PHOENIX-- Former world heavyweight champion Muhammad Ali, whose record-setting boxing career, unprecedented flair for showmanship, and controversial stands made him one of the best-known figures of the 20th century, died on Friday aged 74, media reports said.


  Family spokesman Bob Gunnell told NBC News that Ali died in a Phoenix-area hospital. Reuters could not immediately confirm the report.
  "My heart is deeply saddened yet both appreciative and relieved that the greatest is now resting in the greatest place," boxer Roy Jones Jr. said on Twitter.
  Ali was hospitalized this week for a respiratory ailment. The former prize fighter had long been suffering from Parkinson's syndrome, which impaired his speech and made the once-graceful athlete almost a prisoner in his own body.
  Ali proclaimed himself "the greatest" - as well as "the boldest, the prettiest, the most superior, most scientific, most skillfullest."
  Few could argue with him at his peak in the 1960s.
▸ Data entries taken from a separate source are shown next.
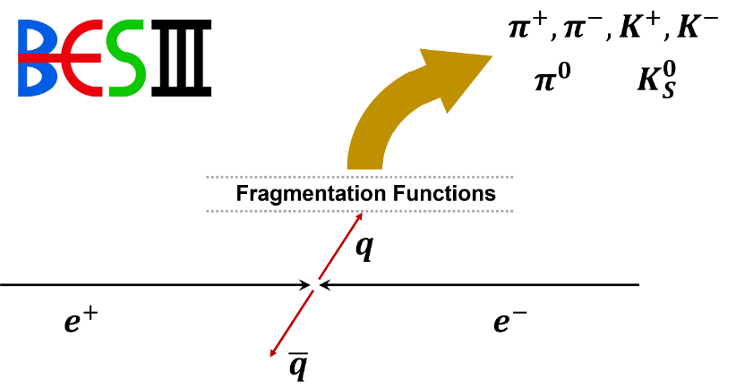 標(biāo)準(zhǔn)模型的量子色動(dòng)力學(xué)(QCD)是描述部分子(夸克和膠子)間強(qiáng)相互作用的理論,它的最大挑戰(zhàn)來自于低能區(qū)的非微擾性質(zhì)。由于色禁閉效應(yīng),實(shí)驗(yàn)上無法直接觀測(cè)到帶色荷的部分子,只能探測(cè)色中性的強(qiáng)子。碎裂函數(shù)描述了部分子的強(qiáng)子化過程,對(duì)其研究是理解強(qiáng)子產(chǎn)生機(jī)制的重要手段。正負(fù)電子對(duì)撞中單舉強(qiáng)子的產(chǎn)生被認(rèn)為是研究碎裂函數(shù)最有效的過程之一(如圖1所示)。目前,在質(zhì)心能量低于10 GeV的區(qū)域,能用于碎裂函數(shù)研究的高精度正負(fù)電子對(duì)撞實(shí)驗(yàn)數(shù)據(jù)極為有限。
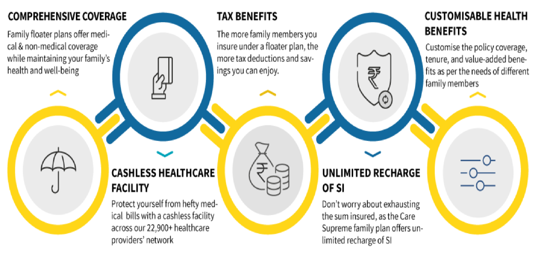 Let us say the hospital cost was ₹2 lakhs. Your insurance provider will pay the hospital's charge, and your annual sum covered will be cut to ₹ 3 lakhs.
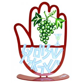 Still on the peace theme is an olive branch decoration with a delicate dove perched above the thumb. Another similar style Hamsa displays a charming bunch of luscious grapes alongside a Kiddush cup whose maroon color is associated with healing properties. Or what about the Hamsa combining doves and an olive branch with the word Shalom – Peace - engraved at the base?
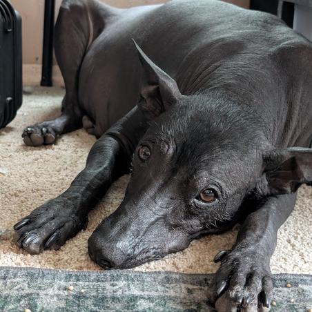 Taika is my foundation dog, and means everything to me. She has the ideal Xolo temperament, being approachable by strangers and willing to interact, but just as eager to ignore them and focus on me instead. She is my main breed ambassador, accompanying me to most dog events, as well as my life saver as my Service Dog. Everyone who meets her is quick to fall in love, and for good reason. She is the dog who got me interested not just in professional training, but in dog sports, showing, and breeding.
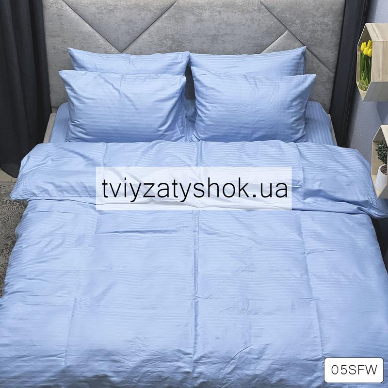 Евро комплект постельного белья из ткани страйп сатин, небесно голубой цвет, 100% хлопок
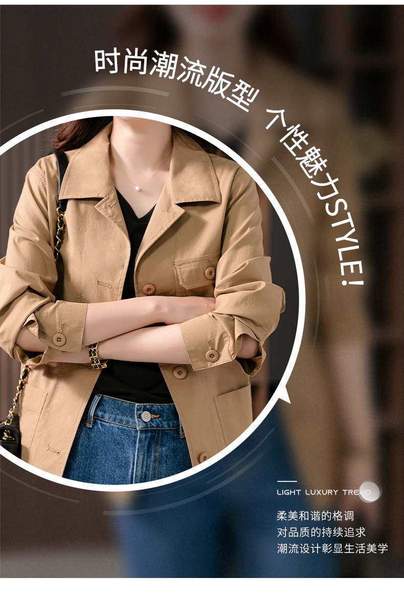 【现货7天】风衣女短款小个子上衣2023秋季新款韩版休闲系带时尚短外套
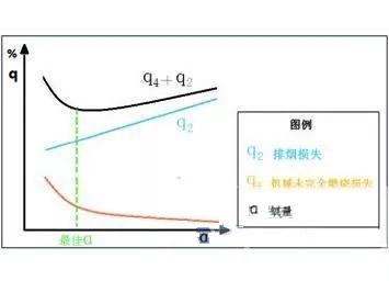 鍋爐的燃燒效率與鍋爐的氧含量有直接的關(guān)系,在散熱損失與灰渣顯熱損失相對(duì)不變的情況下,如果氧量過低,排煙損失q2雖然較低,但是機(jī)械未完全燃燒損失q4卻很高,總體效率還是較低。如果氧量過高,排煙損失q2明顯增高,即使機(jī)械未完全燃燒損失q4較低,但是總體效率依然較低,具體氧含量與鍋爐效率損失可用圖4所示的曲線表達(dá)。
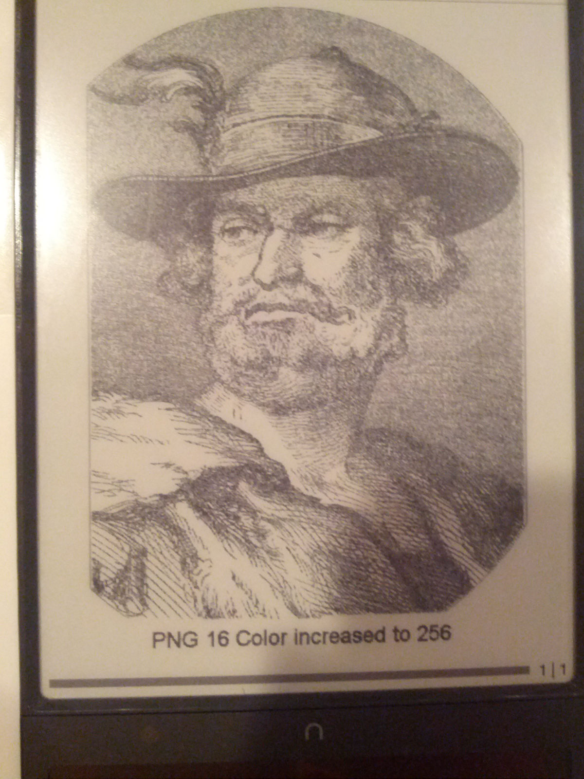 Let me start off with a basic overview of the different bit Grayscale/Indexed PNG: If you are saving as a Grayscale PNG, there is this: 1-bit: 2 shades of gray 2-bit: 4 shades of gray 4-bit: 16 shades of gray 8-bit: 256 shades of gray 16-bit*: 65535 shades of gray * It seems like this is used most commonly when scanning B&W FILM.... don't know the status of this in actual book scanning (or PDFs you find online). Side Note: I have no way of generating these (GIMP doesn't support it), perhaps Photoshop can export 16-bit grayscales? I will have to hunt around and see if I can find examples of these, maybe I can generate one using Imagemagick. I don't know if ADE could handle these, but it would be fun to toss at it and see what happens (Perhaps it turns into a big black box like my Grayscale + Alpha image). Indexed PNGs are a replacement of GIFs, and work on ANY colors: 1-bit: 2 colors 2-bit: 4 colors 4-bit: 16 colors 8-bit: 256 colors 1-bit and 8-bit are the most common. 2-bit PNGs seem to have poor/wrong/non-existent implementation in a lot of programs. GIMP seems to output 2-bit and 4-bit correctly. If the image program is competent, it should select the proper n-bit for the amount of colors. <= 2 colors should be 1-bit 3-4 colors should be 2-bit 5-16 colors should be 4-bit 17-256 colors should be 8-bit Side Note: They probably just got lazy and decided to cut down on logic, and only care about 1-bit B/W (think book scans) or 8-bit Grayscale/Indexed. 8-bit encompasses all below, but would just be slightly more bloated than it COULD be. NOTES on the Test EPUB: Side Note: Next time, just use zero text appended to the bottom, this means that it will be the SAME EXACT IMAGE, but the only variable thing changing is the different settings. You can always add the explaining text in the EPUB between sets of pictures + relevant filenames. ![]() I used imagemagick's "identify -verbose" command to take a close look: - Your "2-bit" image is actually saved as a 4-bit image (could be non-existent support for 2-bit PNG in PaintShop Pro). - Your "3-bit" image is actually a 4-bit image (no such thing as 3-bit lol) - Your 16->256 is saved as an 8-bit image. - All the others are saved as the correct bit. GIMP: - 2 color image saved properly as 1-bit. - 4 color image saved properly as 2-bit. - 16 color image saved properly as 4-bit. - 256 color image saved as 8-bit. Testing on my Nook: - In the 16->256->16 section. -- The only difference is bit-depth (PaintShopPro = 8-bit, GIMP+ScriptPNG = proper 4-bit). -- My Nook shows weird artifacts (looks like speckling) on the 4-bit images. - In the Indexed 8 color section, for some weird reason the GIMP version looks EXTRA HORRENDOUS. -- Your version + ScriptPNG versions look speckled, but otherwise the same. -- This is odd because they are all 4-bit, so I would have expected that all three would look horrible... so I have no clue. - There is weird degradation in your image reduced to 16 colors, there is no degradation in the GIMP 16 color version. -- This is also odd. My Image Test EPUB: OF COURSE I can't get the problem to replicate in my test EPUB consistently NOW... (those gremlins are out to get me lol). But the PNG I was able to get to break was the 2-bit elementof PNG compressed through ScriptPNG: Here is the problem as I first ran into it in the QJAE (EPUB is attached): My best guess is... ADE has a bug with 2 and 4-bit PNGs. The "banding" issue is happening on your images, but it is just VERY HARD to tell because of the nature of a photographic image. In my formulas it is much easier to see the bug because there are large swaths of solid color. Without access to ADE source code, I have no clue exactly what the problem is. I will continue to poke around at the different images with imagemagick... hopefully between comparing all of these different images, I can stumble upon SOME difference. Maybe ADE is ASSUMING 1-bit/8-bit but is ALSO looking at the amount of colors in the PNG, if it falls into those in between ranges, maybe ADE blows up (The amount of colors are saying it should fall into "2-bit/4-bit" while another part of code is forcing it into 8-bit mode?). This bug COULD have been fixed on a newer version of ADE... could anyone test all of this on a newer e-ink device? Side Note: Days of work has gone into this. I was reading all this in depth PNG documentation, now time for my brain to explode. ![]() Edit: Quote:

With his dancing feet and quick fists, he could - as he put it - float like a butterfly and sting like a bee. He was the first person to win the heavyweight championship three times.
  Ali became much more than a colorful and interesting athlete. He spoke boldly against racism in the '60s, as well as the Vietnam War.
  Ali was born in Louisville, Kentucky, on Jan. 17, 1942, as Cassius Marcellus Clay Jr., a name shared with a 19th century slavery abolitionist. He later changed his name after his conversion to Islam.
  Ali is survived by his wife, the former Lonnie Williams, who knew him when she was a child in Louisville, along with his nine children.

The Daily Herald

Copyright © 2020 All copyrights on articles and/or content of The Caribbean Herald N.V. dba The Daily Herald are reserved.


Without permission of The Daily Herald no copyrighted content may be used by anyone.

Comodo SSL
mastercard.png
visa.png

Hosted by

SiteGround
© 2025 The Daily Herald. All Rights Reserved.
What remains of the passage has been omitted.